When his eyes adjusted to the shadows, he edged across the room. Here, a deep-pile carpet absorbed his footsteps.

He stood at the threshold of the front room, letting his eyes adjust to the brighter light.

Someone coughed. A man.

In Nam, when a mission was especially tense, Ben had been able to devote his mind to its completion with a singleness of purpose that he had never achieved before or since. He wanted to be as brisk and clean and quick about this as he had been about those wartime operations, but he was bothered by thoughts of Glenda waiting alone and surely wondering if the motel-room door would be one of those special doors beyond which lay the thing that she needed.

He flexed his gloved hands and drew a slow breath. Preparing himself.

The smart thing to do was to turn around right now, cross the darkened dining room as quietly as possible, cross the kitchen, leave by the back door, and call the police.

But they would be real police. Not like the police in books. Perhaps reliable. Perhaps not.

He stepped into the living room.

In a large armchair near the fireplace sat a man with an open newspaper on his lap. He wore tortoiseshell reading glasses pushed far down on his thin, straight nose, and he was humming along with Glenn Miller's tune while reading the comics.

Briefly, Ben thought that he had made a grave mistake, because he couldn't quite believe that a psychotic killer, like anyone else, could become happily engrossed in the latest exploits of Snoopy and Charlie Brown and Broom Hilda. Then the man looked up, surprised, and he fit Judge's description: tall, blond, ascetic.

"Richard Linski?" Ben asked.

The man in the chair seemed frozen in place, perhaps a mannequin propped there to distract Ben while the real Judge, the real Richard Linski, crept up on him from behind. The illusion was so complete that Ben almost turned to see if his fear was warranted.

"You," Linski whispered.

He wadded the comic pages in his hands and threw them aside as he exploded out of the armchair.

All fear left Ben, and he was unnaturally calm.

"What are you doing here?" Linski asked, and his voice was without doubt the voice of Judge.

He backed away from the chair, toward the fireplace. His hands were feeling behind him for something. The fireplace poker.

"Don't try it," Chase said.

Instead of making a grab for the brass poker, Linski snatched something off the mantel, from beside an ormolu clock: a silencer-fitted pistol.

The clock had hidden it.

Ben stepped forward as Linski brought the weapon up, but he did not move quite fast enough. The bullet took him in the left shoulder and twisted him sideways, off balance, and into the floor lamp.

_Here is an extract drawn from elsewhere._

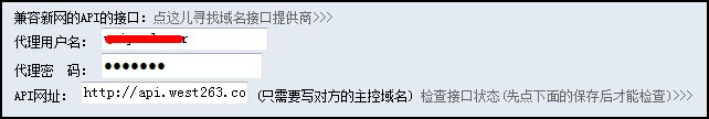 這里要求輸入代理用戶(hù)名、代理密碼以及API網(wǎng)址。代理用戶(hù)名和密碼參見(jiàn)說(shuō)明文檔開(kāi)頭設置的密碼。API網(wǎng)址填寫(xiě):http://api.west263.com。如圖:
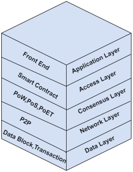 Blockchain technology supports a decentralized network where no one is the sole owner of the system [39]. The layered architecture of blockchain-technology-supported applications is shown in Figure 2. At the application-layer level, the front end developed in HTML, React, Javascript, etc. is used to access the system [40]. All the logic is written in the form of smart contracts at the access layer. Then, consensus is achieved via different algorithms such as proof of work (PoW), proof of stake (PoS), etc., at the consensus layer [41,42,43,44,45]. It supports a peer-to-peer system at the networking level. Data are present in the form of transactions and blocks at the data layer.

He fell, taking the lamp with him. Both bulbs smashed when they struck the floor, plunging the room into near-total darkness that was relieved only by the weak light from distant streetlamps outside and the faint glow from the kitchen.

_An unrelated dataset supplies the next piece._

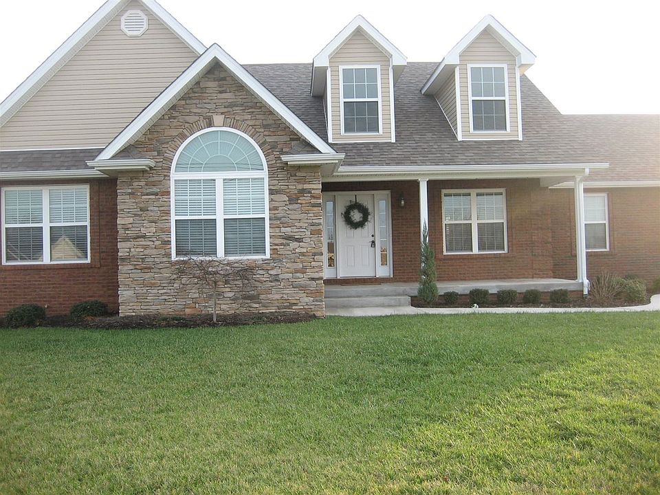 Curb appeal here! Stone and Brick veneer Ranch 3 bedroom, 3 bath. Featuring hardwood floors in formal dining room and gas log fireplace in living room. Partially finished walk-up basement with full bath and family room. Lots of storage in the unfinished section of the basement. Pets with prior approval and $375 non-refundable pet fee. 20 miles to Fort Knox. Available 7/1/16.
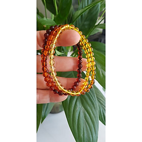 Vòng Hổ Phách tự nhiên đeo quấn tay kiểu 3 vòng Size hạt 5mm 3 màu tam hợp màu vàng anh cam đỏ đậm phối tay các Chị Em Nữ lên tay đeo rất xinh

"Fornicator," Judge whispered.

Ben's shoulder felt as if a nail had been driven into it, and his arm was half numb. He lay still, playing dead in the dark.

"Chase?"

Ben waited.

Linski stepped away from the mantel, bent forward as he tried to make out Ben's body in the jumble of shadows and furniture. Ben couldn't be certain, but he thought the killer was holding the pistol straight out in front of him, like a teacher holding a pointer toward a chalkboard.